In this scenario, there is the existence of a true effect, indicating that the null hypothesis is false. Consequently, the distribution of p-values shifts, resulting in a simulation with greater frequency of smaller p-values. By altering the mean of s2 from 7 to 8, you can observe a departure from uniform probabilities in the histogram. Instead, the probabilities are now skewed towards smaller p-values, reflecting the increased likelihood of observing significant results indicative of the true effect.

p_values <- numeric() 
N <- 5 
for (i in 1:1e5) {
  s1 <- rnorm(N, 7, 1) 
  s2 <- rnorm(N, 8, 1)  # Increase the mean of s2 to represent an effect
  p_values[i] <- t.test(s1, s2)$p.value 
}
h <- hist(p_values, br = 50)

12b.

if this effect is bigger than the effect in question 12a?

In this scenario, you augment the disparity between the means of the two samples to portray a more substantial effect size. With this larger effect size, the evidence opposing the null hypothesis intensifies, yielding more pronounced skewing towards smaller p-values. By adjusting the mean of S2 from 8 to 9, the effect size increases further, evident in the histogram’s augmented skew towards lower p-values.

p_values <- numeric() 
N <- 5 
for (i in 1:1e5) {
  s1 <- rnorm(N, 7, 1) 
  s2 <- rnorm(N, 9, 1)  # Increase the mean of s2 further to represent a larger effect
  p_values[i] <- t.test(s1, s2)$p.value 
}
h <- hist(p_values, br = 50)

12c.

if the power is bigger than the power in question 12a?

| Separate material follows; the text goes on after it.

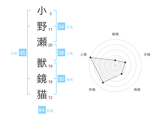 小野瀬 獣鏡猫さんの総格は84画の1点!

To increase power, enlarging the sample size is an a way to do so. Consequently, you observe a heightened skew towards smaller p-values in this scenario, attributed to the diminished role of chance in the mean differences due to the larger sample size.

p_values <- numeric() 
N <- 25  # Increase sample size
for (i in 1:1e5) {
  s1 <- rnorm(N, 7, 1) 
  s2 <- rnorm(N, 8, 1) 
  p_values[i] <- t.test(s1, s2)$p.value 
}
h <- hist(p_values, br = 50)

12d.

if there is an effect and you use a one-sided rather than a two-sided test?

When conducting a one-sided test instead of a two-sided test, the focus of evaluating evidence shifts towards one direction, potentially leading to different interpretations of the results. However, in scenarios where both samples have the same mean, as in this case, the effect of using a one-sided test might not be immediately apparent in the distribution of p-values.

# One-sided tests with smaller and greater alternatives
p_values_less <- numeric()
p_values_greater <- numeric()
N <- 5 
for (i in 1:1e5) {
  s1 <- rnorm(N, 7, 1) 
  s2 <- rnorm(N, 7, 1) 
  
  # One-sided test for smaller alternative
  p_values_less[i] <- t.test(s1, s2, alternative = "less")$p.value 
  
  # One-sided test for greater alternative
  p_values_greater[i] <- t.test(s1, s2, alternative = "greater")$p.value 
}
h_less <- hist(p_values_less, br = 50)

h_greater <- hist(p_values_greater, br = 50)

12e.

if \(\alpha\) is .5 rather than .05?

Increase the significance level to α = 0.5. In this scenario, where the significance level (α) is increased to 0.5, the resulting p-values from the t-tests remain the same. The only difference is in the width of the confidence intervals generated by the t-tests, as determined by the specified confidence level. As a result, the histograms of the p-values appear similar, showing no significant difference between the distributions.

p_values_conf_0.5 <- numeric() 
p_values_default <- numeric() 
N <- 5 

for (i in 1:1e5) {
  s1 <- rnorm(N, 7, 1) 
  s2 <- rnorm(N, 7, 1) 
  
  p_values_conf_0.5[i] <- t.test(s1, s2, conf.level = 0.5)$p.value 
  
  p_values_default[i] <- t.test(s1, s2)$p.value 
}

h_conf_0.5 <- hist(p_values_conf_0.5, br = 50)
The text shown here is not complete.